Playwright crawler

This example demonstrates how to use PlaywrightCrawler to recursively scrape the Hacker news website using headless Chromium and Playwright.

The PlaywrightCrawler manages the browser and page instances, simplifying the process of interacting with web pages. In the request handler, Playwright's API is used to extract data from each post on the page. Specifically, it retrieves the title, rank, and URL of each post. Additionally, the handler enqueues links to the next pages to ensure continuous scraping. This setup is ideal for scraping dynamic web pages where JavaScript execution is required to render the content.

import asyncio

from crawlee.playwright_crawler import PlaywrightCrawler, PlaywrightCrawlingContext


async def main() -> None:
    crawler = PlaywrightCrawler(
        # Limit the crawl to max requests. Remove or increase it for crawling all links.
        max_requests_per_crawl=10,
        # Headless mode, set to False to see the browser in action.
        headless=False,
        # Browser types supported by Playwright.
        browser_type='chromium',
    )

    # Define the default request handler, which will be called for every request.
    # The handler receives a context parameter, providing various properties and
    # helper methods. Here are a few key ones we use for demonstration:
    # - request: an instance of the Request class containing details such as the URL
    #   being crawled and the HTTP method used.
    # - page: Playwright's Page object, which allows interaction with the web page
    #   (see https://playwright.dev/python/docs/api/class-page for more details).
    @crawler.router.default_handler
    async def request_handler(context: PlaywrightCrawlingContext) -> None:
        context.log.info(f'Processing {context.request.url} ...')

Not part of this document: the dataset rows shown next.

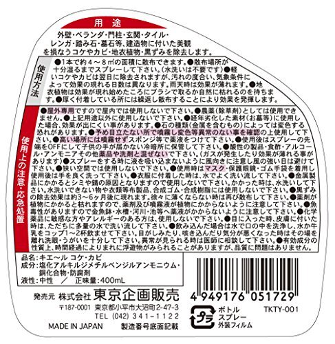 「TO-PLAN(トプラン)キエール・コケカビ400ml」▼4949176051729▼(商品説明)・ 400ミリリットル (x 1) ・内容量:400ml・サイズ:高195*幅90*奥行55(mm)・スプレーするだけでコケ・カビや地位植物、黒ずみを除去・防止する住居用洗剤です。・ブラント名: TO-PLAN(トプラン)・メーカー名: 東京企画販売説明 商品の説明 スプレーするだけでコケ・カビや地位植物、黒ずみを除去・防止する住居用洗剤です。こすらず簡単、効果長持ち。ベランダ・外壁・玄関等が驚くほどキレイに蘇ります。屋外用。 ご注意(免責)>必ずお読みください 在庫完売の際は、お取寄せ又はキャンセルとなる場合がございます。また、配送予定日と弊社商品お届け予定日は異なる場合もございますので予めご了承下さい。商品は予告なくパッケージ変更の場合もあります
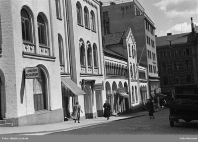 Gata før krigen med Christiania Dampkjøkkens bygninger. Lunsjrestauranten til venstre, utsalgene i midten og den nye gården Torggata 8 nederst.
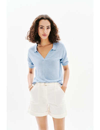 Le pull Mikalu, un indispensable au design droit qui épouse les lignes du corps. Tricoté en mélange de lin pour une légèreté adaptée à toutes saisons. Son effet brillant discret enrichit son style casual chic. - Pull droit - Col chemise - Manches coude - Longueur 57 cm pour une taille S Idées look - Le pull Mikalu se marie parfaitement avec un short blanc à taille haute et des sandales fines pour une allure casual chic. - Ce pull droit peut être combiné avec un jean brut et des mocassins en cuir pour un look quotidien élégant. Conseil entretien Lavez ce pull à la main uniquement, le lavage en machine est interdit. Le repassage est fortement recommandé : effectuez-le à basse température (maximum 110°) et sans vapeur pour éviter des dommages irréversibles. Il est interdit d'utiliser un sèche-linge pour ce vêtement.
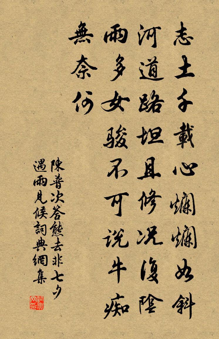 詩詞名句歷史字典書法欣賞書法字典國語詞典說文解字康熙字典古漢語字典標 題 作 者 詩 句 次答熊去非七夕遇雨見候作者:陳普 朝代:宋代次答熊去非七夕遇雨見候原文志土千載心,爛爛如斜河。道路坦且修,況復陰雨多。女駿不可說,牛痴無奈何。詩詞問答問:次答熊去非七夕遇雨見候的作者是誰?答:陳普問:次答熊去非七夕遇雨見候寫於哪個朝代?答:宋代陳普次答熊去非七夕遇雨見候書法欣賞次答熊去非七夕遇雨見候書法作品詩詞推薦木蘭花慢 送陳石泉自北歸 志雅堂雜鈔陳參政〔元代〕北歸人未老,喜依舊,著南冠。正雪暗滹沱,雲迷芒碭,夢落邯鄲。鄉心促、日行萬里,幸此身、生入玉門關。多七月過孤山勤上人院蔡襄〔宋代〕青林藹藹日暉暉,薄晚涼生暑氣微。湖上清風如可載,畫船十隻不空歸。至日方岳〔宋代〕至日觀書不幾行,梅梢橫影月昏黃。漢家紅影無人見,未必曾添一線長。宿普濟寺劉得仁〔唐代〕京寺數何窮,清幽此不同。曲江臨閣北,御苑自牆東。廣陌車音急,危樓夕景通。亂峰沉暝野,毒暑過秋空。幡颺華清宮感舊王建〔唐代〕塵到朝元邊使急,千官夜發六龍回。輦前月照羅衫淚,馬上風吹蠟燭灰。公主妝樓金鎖澀,貴妃湯殿玉蓮開。有時觀梅至花涇高端叔解元見尋陸游〔宋代〕春暖山中雲作堆,放翁艇子出尋梅。不須問訊道傍叟,但覓梅花多處來。鄒衍谷李白〔唐代〕燕谷無暖氣,窮岩閉嚴陰。鄒子一吹律,能回天地心。喜雨方回〔宋代〕驟漲階前可泛舟,天低近屋火雲收。竹戶紙窗清灑灑,葛衫紗帳冷修修。秋館梧桐羈客恨,春郊楊柳少年愁。移得贈周山人陳深〔宋代〕郭范寥寥數百年,地仙還復出人間。豁開天外一雙目,看盡江南千萬山。玉指暗攢鳥兔定,金盤活捉虎龍環。我今由桂林朔灕江至興安袁枚〔清代〕江到興安水最清,青山簇簇水中生。分明看見青山頂,船在青山頂上行。夏秋之交小舟早夜往來湖中絕句陸游〔宋代〕夢筆橋東夜繫船,殘燈耿耿不成眠。千年未息靈胥怒,捲地潮聲到枕邊。寓居定惠院之東雜花滿山有海棠一株土人不知貴也蘇軾〔宋代〕江城地瘴蕃草木,只有名花苦幽獨。嫣然一笑竹籬間,桃李漫山總粗俗。也知造物有深意,故遣佳人在空谷。自然水龍吟(用見山韻餞別)吳文英〔宋代〕夜分溪館漁燈,巷聲乍寂西風定。河橋徑遠,玉簫吹斷,霜絲舞影。薄絮秋雲,澹蛾山色,宦情歸興。怕煙江渡後酹江月/念奴嬌 淮城感興張紹文〔宋代〕舉杯呼月,問神京何在,淮山隱隱。撫劍頻看勳業事,惟有孤忠挺挺。宮闕腥膻,衣冠淪沒,天地憑誰整。一枰棋冉溪柳宗元〔唐代〕少時陳力希公侯,許國不復為身謀。風波一跌逝萬里,壯心瓦解空縲囚。縲囚終老無餘事,願卜湘西冉溪地。卻學和利州鮮于轉運公劇八詠間燕亭司馬光〔宋代〕吏治正倥傯,夫君何燕間。蠶絲既雲寡,符移皆可刪。印封人事散,躡屐升東山。放杖坐危亭,清嘯出去間。無私晚燕白居易〔唐代〕百鳥乳雛畢,秋燕獨蹉跎。去社日已近,銜泥意如何。不悟時節晚,徒施工用多。人間事亦爾,不獨燕營巢。式微佚名〔先秦〕式微,式微,胡不歸?微君之故,胡為乎中露!式微,式微,胡不歸?微君之躬,胡為乎泥中!寄友人黃滔〔唐代〕君愛桃李花,桃李花易飄。妾憐松柏色,松柏色難凋。當年識君初,指期非一朝。今辰見君意,日暮何蕭條。入門和汝霖三首胡寅〔宋代〕聖門功業海同深,大禹猶曾惜寸陰。知有詩書消永日,不將狐貉愧寒衾。定心應已觀川逝,闊步何須嘆陸沉。聞道名句推薦早成者未必有成,晚達者未必下達。不可以年少而自恃,不可以年老而自棄。馮夢龍《警世通言·卷十八》 衰世好信鬼,愚人好求福。王充《論衡·卷二十五·解除篇》 聖人終不為大,故能成其大。老子《老子·德經·第六十三章》 一條藤徑綠,萬點雪峰晴。李白《冬日歸舊山》 易醉扶頭酒,難逢敵手棋。賀鑄《南歌子·疏雨池塘見》 花時同醉破春愁,醉折花枝作酒籌。白居易《同李十一醉憶元九》 豈能無意酬烏鵲,惟與蜘蛛乞巧絲。李商隱《辛未七夕》 簾外雨潺潺,春意闌珊。李煜《浪淘沙令·簾外雨潺潺》 廉者常樂無求,貪者常憂不足。王通《中說·卷一·王道篇》 山無陵,江水為竭。佚名《上邪》

        # Extract data from the page using Playwright's API.
        posts = await context.page.query_selector_all('.athing')
        data = []

        for post in posts:
            title_element = await post.query_selector('.title a')
            rank_element = await post.query_selector('.rank')

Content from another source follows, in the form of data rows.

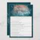 Niedliche "Twinkle Twinkle Little Star" Gender-Neutral-Babydusche oder zeigen "Kinderzimmer Rhymes Quiz" Party-Spiel bietet eine verträumte handbemalte Aquarellwolke in khaki Kupferbraun und aquamarin Grün mit schieferblauen Sternen auf einem dunklen aquamarinen Hintergrund. Das bezaubernde Thema ist das moderne, handgeschriebene Zitat-Typografie-Skript-Overlay, das mit skurrilen Glitzern auf reichhaltigem Samt besticht. Für andere Farben oder passende Produkte, besuchen Sie bitte den JustFharryn Zazzle Store, oder kontaktieren Sie den Designer, c/o Fharryn@yahoo.com Alle Rechte vorbehalten. #zazzlemade
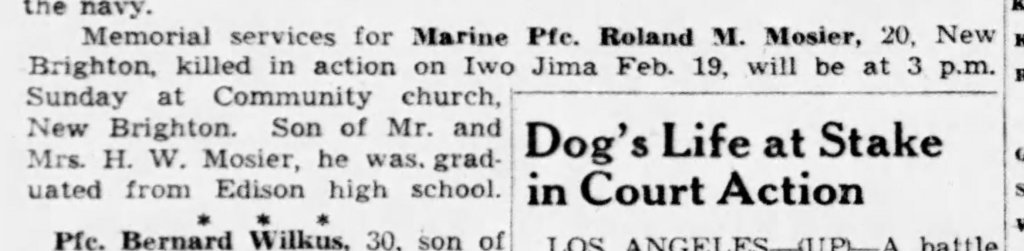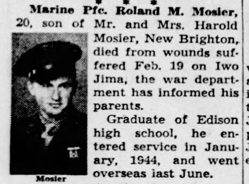 The 5th Marine Division was activated on 11Nov1943. They were a part of the initial invasion of Iwo Jima on 19Feb 1945. They suffered significant losses. The 5th Division would fight on Iwo Jima from 19 February until 26 March where they would sustain 2,482 killed in action, 19 missing in action, and 6,218 wounded in action. This was the highest casualty rate among the three Marine divisions involved in the invasion. The exact circumstances of Roland’s death are unknown at this time.
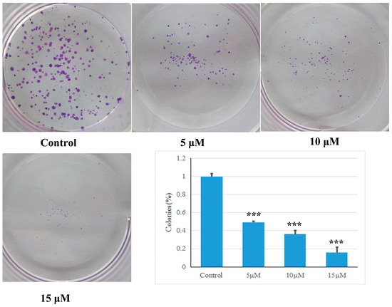 The colony formation of HCT-116 cells after treatment with different concentration (5, 10 and 15 μM) of compound 5d for 7 days; The rate of inhibition induced by compound 5d was expressed as the mean ± SD of three independent experiments, *** p < 0.001 vs control group (untreated cells); The clonogenicity assay was quantified using Image J software.

            title = await context.page.evaluate('(element) => element.innerText', title_element) if title_element else None
            rank = await context.page.evaluate('(element) => element.innerText', rank_element) if rank_element else None
            href = await context.page.evaluate('(element) => element.href', title_element) if title_element else None

            data.append(
                {
                    'title': title,
                    'rank': rank,
                    'href': href,
                }
            )

        # Push the extracted data to the default dataset. In local configuration,
        # the data will be stored as JSON files in ./storage/datasets/default.
        await context.push_data(data)

        # Find a link to the next page and enqueue it if it exists.
        await context.enqueue_links(selector='.morelink')

    # Run the crawler with the initial list of URLs.
    await crawler.run(['https://news.ycombinator.com/'])


if __name__ == '__main__':
    asyncio.run(main())